Bij schrijven van 19 juli 2019, bij de griffie van de voorzieningenrechter op dezelfde datum binnengekomen, heeft de dochter de voorzieningenrechter van deze rechtbank verzocht om verlof voor het ten laste van de vader doen leggen van conservatoir beslag op - zakelijk weergegeven - de volgende onroerende zaken:
A. het woonhuis, staande en gelegen te [postcode + plaats] , [adres 1] , kadastraal bekend gemeente [de Gemeente] , [sectie ...] nummer [1] ;
B. de percelen grond met opstallen, gelegen nabij de [adres 1] , kadastraal bekend [de Gemeente] ,
[sectie ...] nrs [I] , [II] , [III] , [IV] , [V] , [VI] , [VII] , [VIII] , [IX] , [X] ( [adres 2] );
C. het woonhuis met aanbehoren, tuin en ondergrond, staande en gelegen ( [postcode] ) te
[plaats] , [adres 3] , kadastraal bekend [plaats] […] ,
en daarbij de termijn waarbinnen de eis in de hoofdzaak moet worden ingesteld te bepalen op 21 dagen na het overlijden van de vader dan wel, zoals vermeld in de op 30 juli 2019 ter griffie ontvangen nadere toelichting op het verzoek, op 6 maanden na het leggen van het beslag dan wel daartoe de termijn te bepalen die de voorzieningenrechter juist acht.
1.2.
Op [datum overlijden] 2014 is overleden mevrouw [erflaatster] (echtgenote van de vader en moeder van de dochter), verder ook te noemen “erflaatster”.

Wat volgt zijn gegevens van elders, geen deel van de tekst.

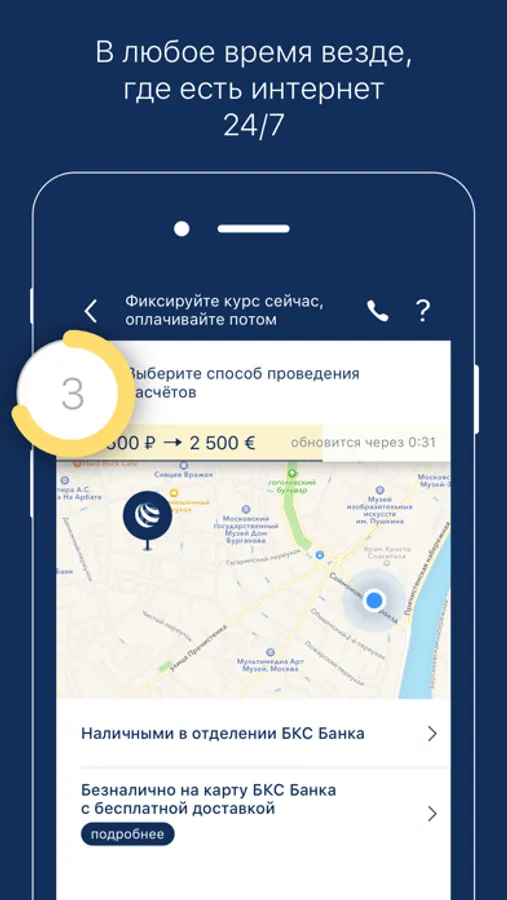 • Получить валюту наличными в отделении, которое выбираете сами, или на карту БКС Банка с доставкой по указанному Вами адресу.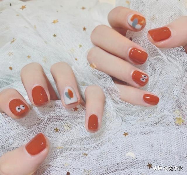 可以用活力橙色涂满甲面、黑白色、雾蓝色涂小面积作为点缀色,可以增添不少亮点,适当挑无名指或者食指作为重点刻画图形,就十分出彩了,这样的款不仅看似丰富,而且也很简约,透着满满的青春活力,十分元气!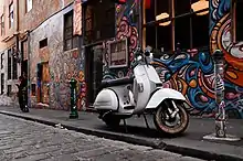 Hosier Lane opened as a Street Art Gallery in 1998 by the City Lights Initiative.[2] The lane is located opposite the entrance to the Atrium at Federation Square on Flinders Street, placing the lane prominent position in the city. The lane has been noted for the quality and the often political nature of its art.[3] It features in the state-sponsored book The Melbourne Design Guide and in Tourism Victoria's Lose Yourself in Melbourne advertising campaign, leading to questions about the dichotomy of Victoria's approach to graffiti.[4] The graffiti-covered walls and art-installations have become a popular backdrop for fashion and wedding photography. In 2013 street artist Adrian Doyle painted the entirety of the adjacent Rutledge Lane one color with the consent of the Melbourne city council to create a work he called "Empty Nursery Blue".[5]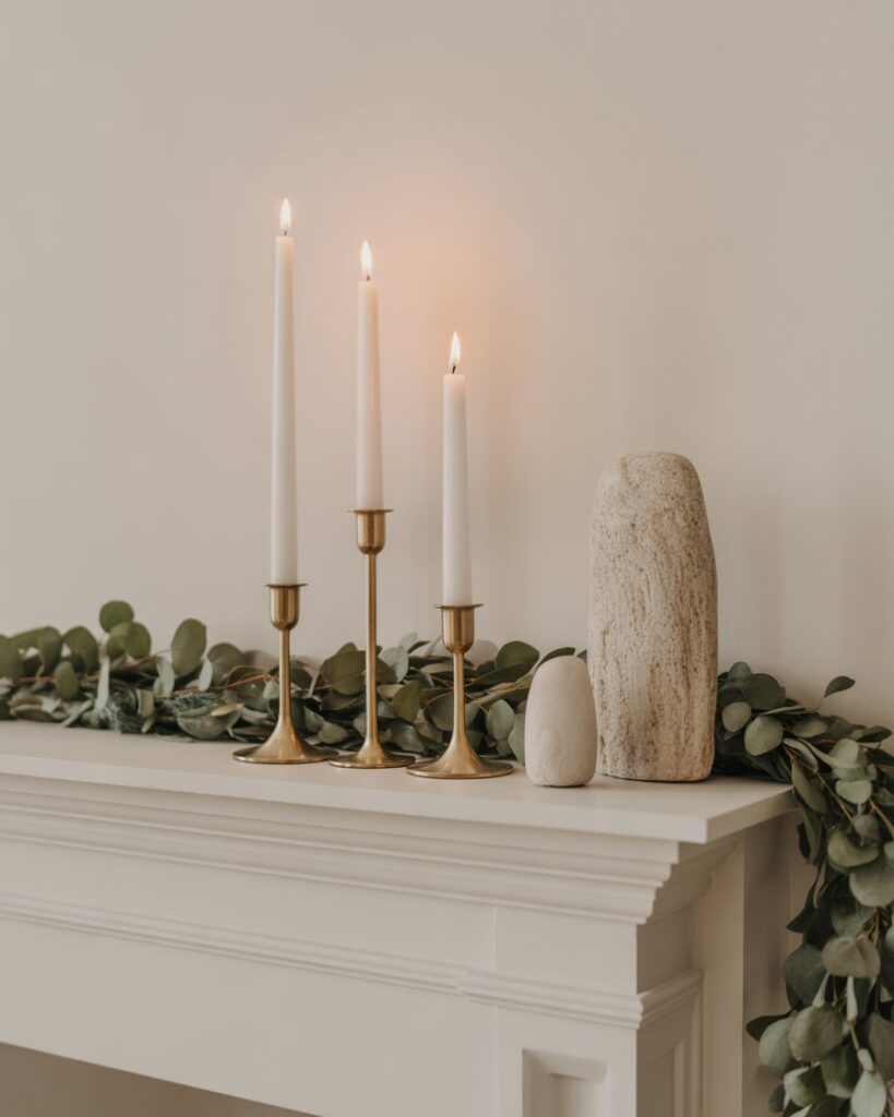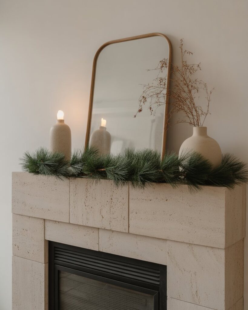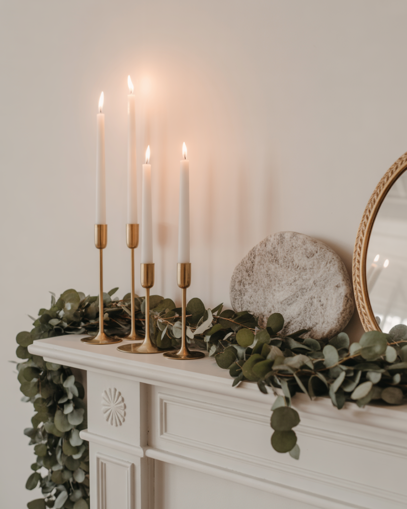 Elevate the mantel with a blend of simplicity and subtle richness. Layer vintage brass candlesticks beside natural stone or wood decor for balance. Keep garlands understated — eucalyptus or white pine rather than glitter. This minimalist approach keeps the home cozy without excess, making it ideal for fireplaces and the home 2026 aesthetic.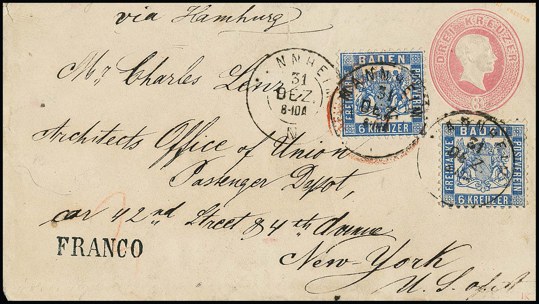 6 Kr. hellultramarin, zwei frische Exemplare (einmal kl. Spalt) mit K2 "Mannheim" auf oben leicht verkürztem Ganzsachenumschlag 3 Kr. blaßrosa nach New York, Leitvermerk "via Hamburg", einmal der rote Transitstempel exakt überlappend mit dem Ortsstempel auf der Marke. Eine seltene 15-Kreuzer-Kombination, sign. Krause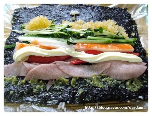 오이 당근 채썬것,무순,파프리카,단무지대신 무절여놓은거, 날치알, 마요네즈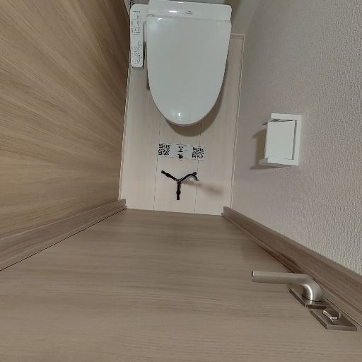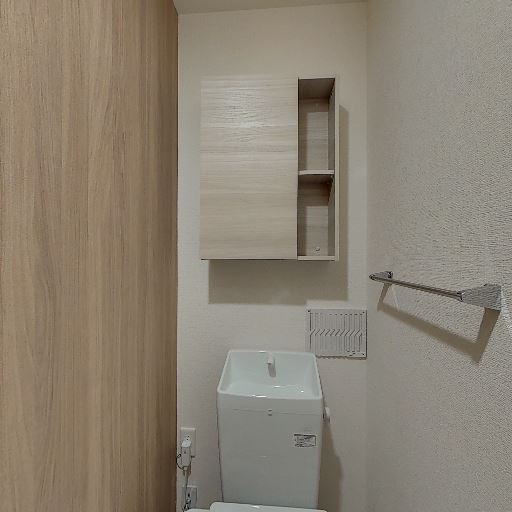 トイレの設備が新しめ(確度82%):タンク一体型の温水洗浄便座が見える。壁付けの操作パネルも確認でき、全体的に使用感は少ない。

De dochter is testamentair erfgenaam van haar moeder, evenals haar broer en haar zussen, ieder voor een gelijk deel. De man is testamentair erfgenaam voor 1/100 deel.
1.3.
Ten aanzien van de nalatenschap van erflaatster is sprake van een - zo verzoekster stelt - quasi-wettelijke verdeling, op basis waarvan alle goederen in de nalatenschap worden toebedeeld aan de vader en de dochter, haar broer en haar zussen (hierna ook wel: de kinderen) ieder een geldvordering op de vader hebben, die in beginsel pas opeisbaar is bij zijn overlijden.
1.4.
Ter onderbouwing van haar verzoek wordt door de dochter het volgende aangevoerd. De vader stelt zich op het standpunt dat het hem vrij staat om naar believen te beschikken over zijn vermogen, waarvan ook de goederen uit de nalatenschap van erflaatster deel uitmaken, hetgeen er toe heeft geleid dat de vader sinds het overlijden van erflaatster grote sommen geld uitgeeft, onder meer door middel van schenkingen c.q. giften aan zijn zoon. Voorts is de vader voornemens om over te gaan tot vervreemding van tot zijn vermogen behorende onroerende zaken en heeft hij plannen om opnieuw in het huwelijk te treden, hetgeen kan meebrengen dat zijn vermogen zich zal vermengen met het vermogen van zijn aanstaande echtgenote.
1.5.
Naar aanleiding van het vorenstaande stelt de dochter gegronde redenen te hebben
om te vrezen dat haar erfdeel uit de nalatenschap van erflaatster – haar moeder – al zal zijn
vervlogen als de vader komt te overlijden. Zij heeft er recht en belang bij om tot zekerheid
van verhaal van haar vordering op de vader conservatoir beslag te leggen op voormelde
onroerende zaken en wijst daartoe op het arrest van 24 juni 2016 waarin de Hoge Raad heeft
bepaald conservatoir beslag op een niet-opeisbare vordering mogelijk is.
1.6.
Desgevraagd is onderhavig verzoek van de zijde van de dochter bij schrijven van
30 juli 2019 toegelicht door te wijzen op de belangen die in casu in acht dienen te worden
genomen, te weten enerzijds het belang van de langstlevende (de vader) om na het
overlijden van de partner goed verzorgd achter te blijven en anderzijds het recht van de
kinderen op hun erfdeel.
1.7.
Daarbij heeft verzoekster aangevoerd dat de vader, als ondernemer, beschikt over voldoende inkomen en vermogen om ruimschoots in zijn gebruikelijke levensbehoefte te voorzien.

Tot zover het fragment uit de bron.